Beginning with the line that holds "Fujikawa station east side Shizuoka Japan", copy each line exactly through the end of the entries, but leave the pictures out.

Data records:
::::
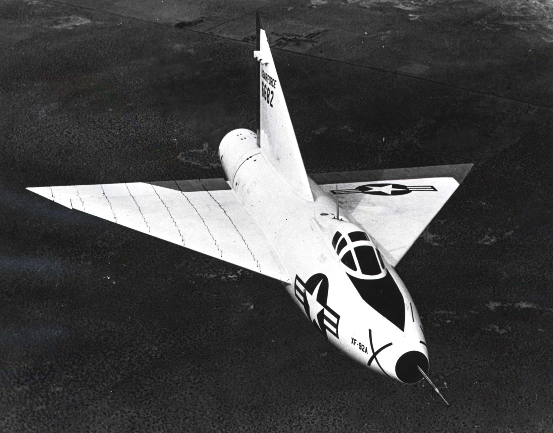 Convair XF-92A in flight with bare metal scheme.
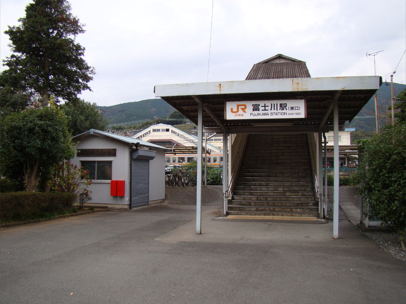 Fujikawa station east side Shizuoka Japan
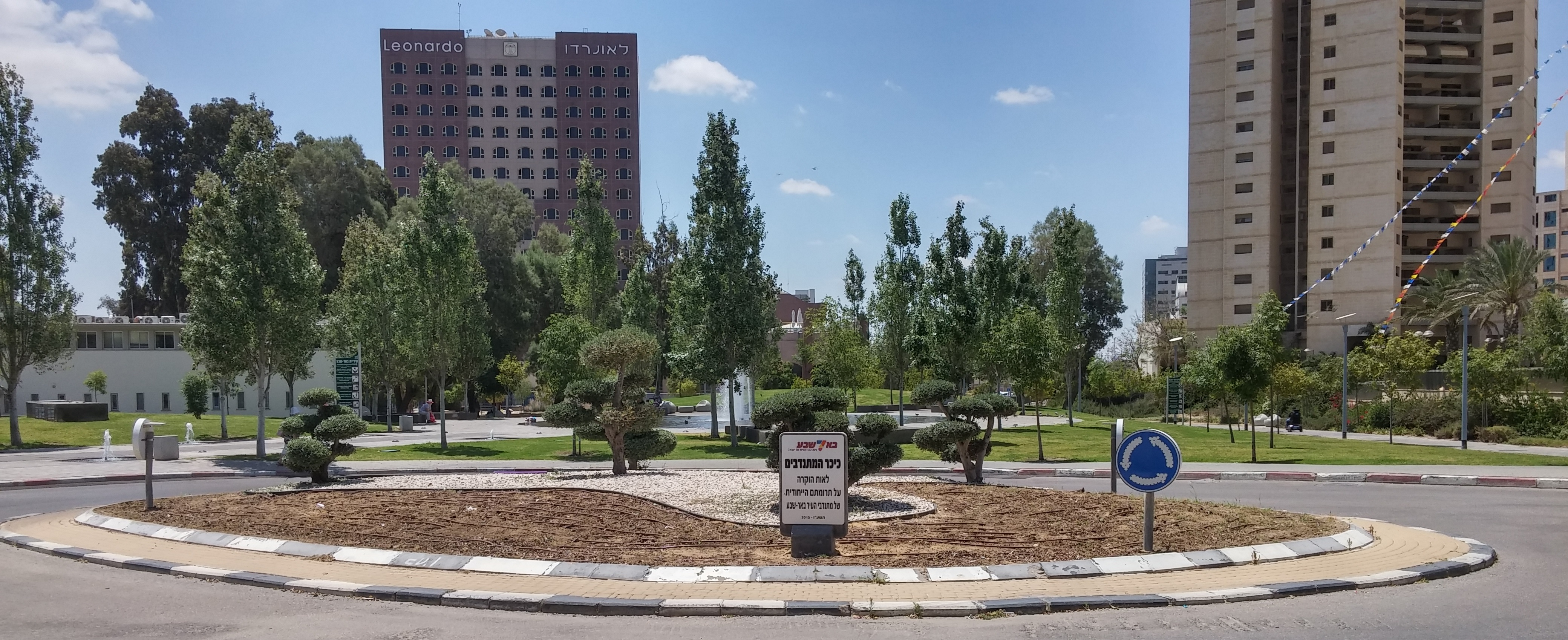 Volunteers square, Beersheba. On the back: Leonardo Hotel
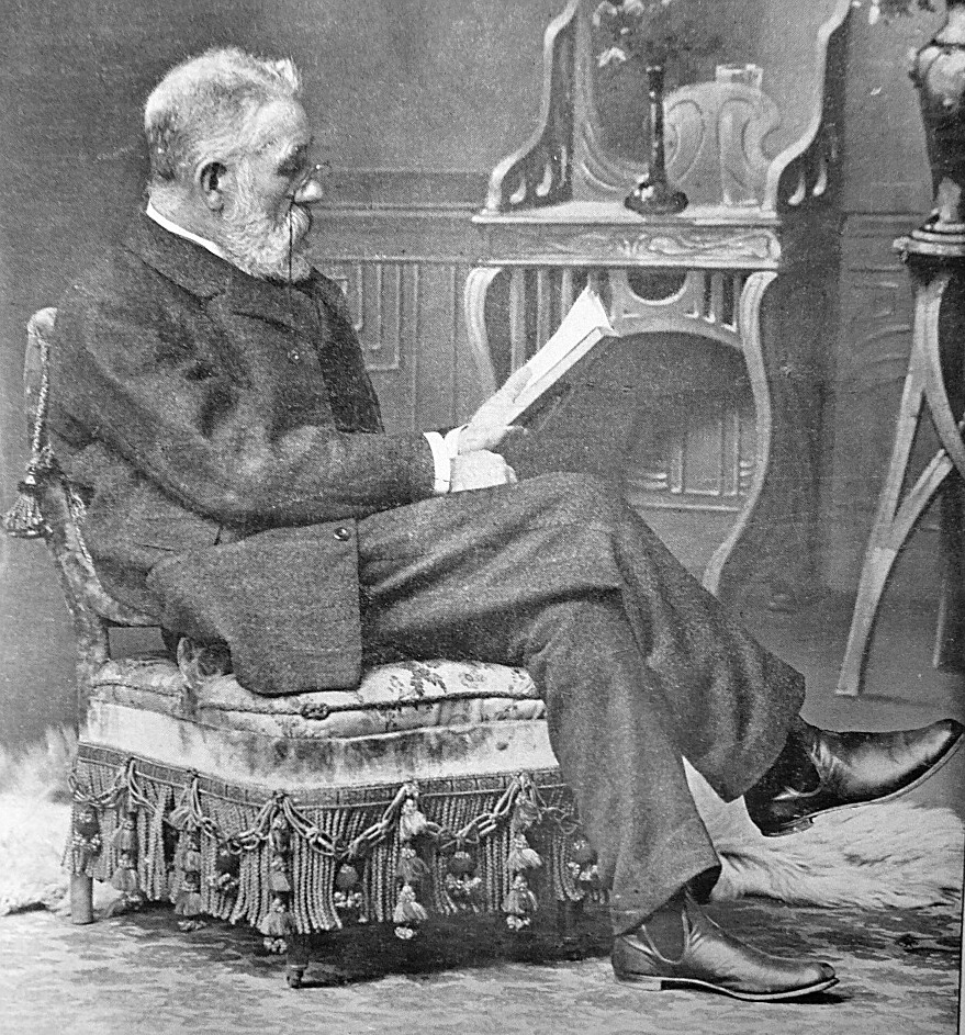 Czech writer and poet Svatopluk Čech.
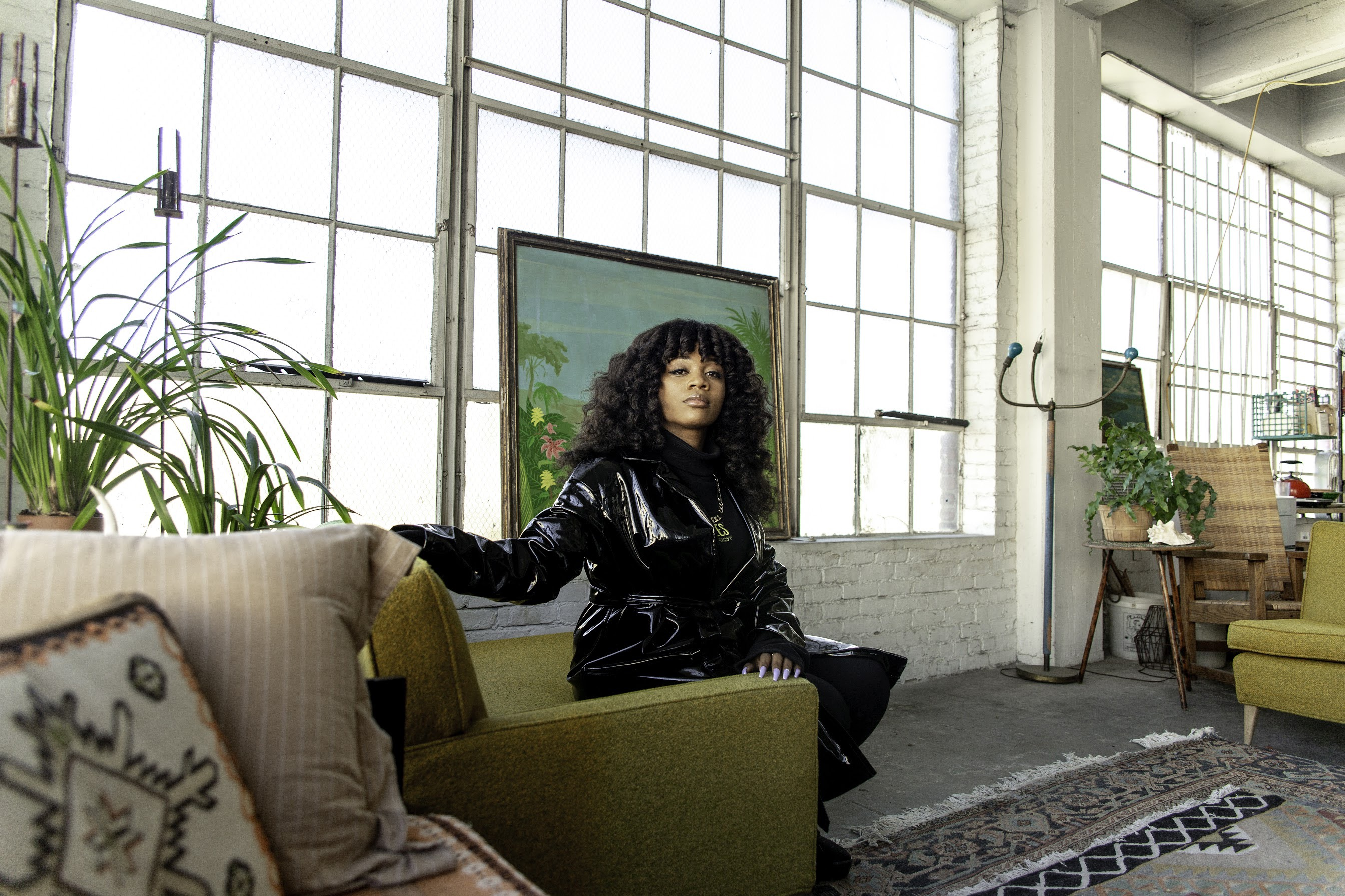 Shavone Charles poses for Forbes Interview with Goldie Chan
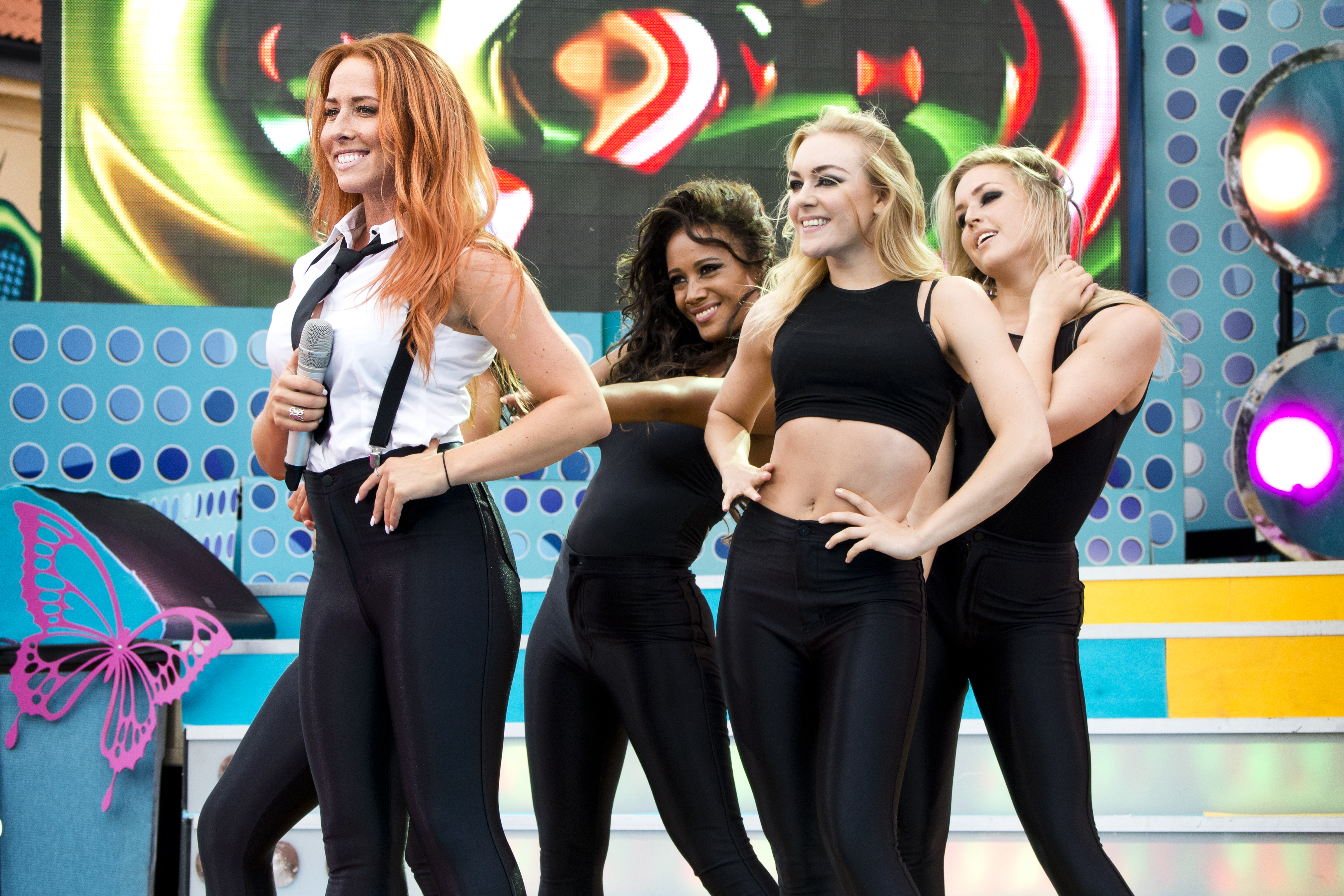 Linda Pritchard at sommarkrysset 2014
::::
- Solution below -
 Fujikawa station east side Shizuoka Japan
 Volunteers square, Beersheba. On the back: Leonardo Hotel
 Czech writer and poet Svatopluk Čech.
 Shavone Charles poses for Forbes Interview with Goldie Chan
 Linda Pritchard at sommarkrysset 2014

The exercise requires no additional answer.